The convening procedures and voting procedures of the board of directors for the company’s consideration of the non-public offering of shares comply with the provisions of relevant laws, regulations and the articles of association. Therefore, we agree to submit relevant proposals such as the non-public offering of shares in 2021 to the general meeting of shareholders for consideration.
4、 Independent opinions on the feasibility analysis report on the use of funds raised by A-share non-public development banks in Guangdong Chaohua Technology Co.Ltd(002288) 2021
After review, we believe that the use plan of the funds raised by the company’s non-public offering complies with relevant policies, laws and regulations, and the investment project of the raised funds is mainly carried out around the company’s main business, in line with relevant national industrial policies and the company’s overall development strategy, as well as relevant policies, laws and regulations, which is necessary and feasible. The implementation of the investment project with raised funds can further improve the company’s competitiveness and anti risk ability, optimize the product structure, improve the profitability, and is conducive to the long-term sustainable development of the company. Therefore, the purpose of the raised funds is reasonable and feasible, which is in line with the interests of the company and all shareholders.

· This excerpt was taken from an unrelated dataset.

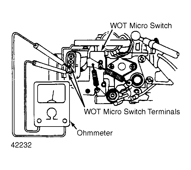 - Remove air cleaner and carburetor. Connect ohmmeter to wide open throttle (WOT) micro switch. See Fig 1 . Check that resistance between micro switch terminals is infinity.

Therefore, we agree to the feasibility analysis report on the use of funds raised by non-public development banks’ A-Shares in Guangdong Chaohua Technology Co.Ltd(002288) 2021 prepared by the company, and agree to submit relevant proposals to the general meeting of shareholders for deliberation.
5、 Independent opinions on the statement that there is no need to prepare the report on the use of the previously raised funds for the non-public development of A-share shares
After review, we believe that since the initial public offering of shares, the company has not raised funds through allotment, additional issuance and convertible corporate bonds in the last five fiscal years, and the arrival time of the company’s previously raised funds has reached five fiscal years. In accordance with the measures for the administration of securities issuance by listed companies, the detailed rules for the implementation of non-public development of shares by listed companies (revised in 2020) and the provisions on the report on the use of previously raised funds (zjfz [2007] No. 500), the company does not need to prepare the report on the use of the funds raised in the previous time, nor does it need to hire an accounting firm with securities and futures related business qualifications to issue the verification report on the use of the funds raised in the previous time.
Therefore, we agree to the statement that there is no need to prepare the report on the use of the previously raised funds for the non-public development of a shares, and agree to submit the relevant proposals to the general meeting of shareholders of the company for deliberation.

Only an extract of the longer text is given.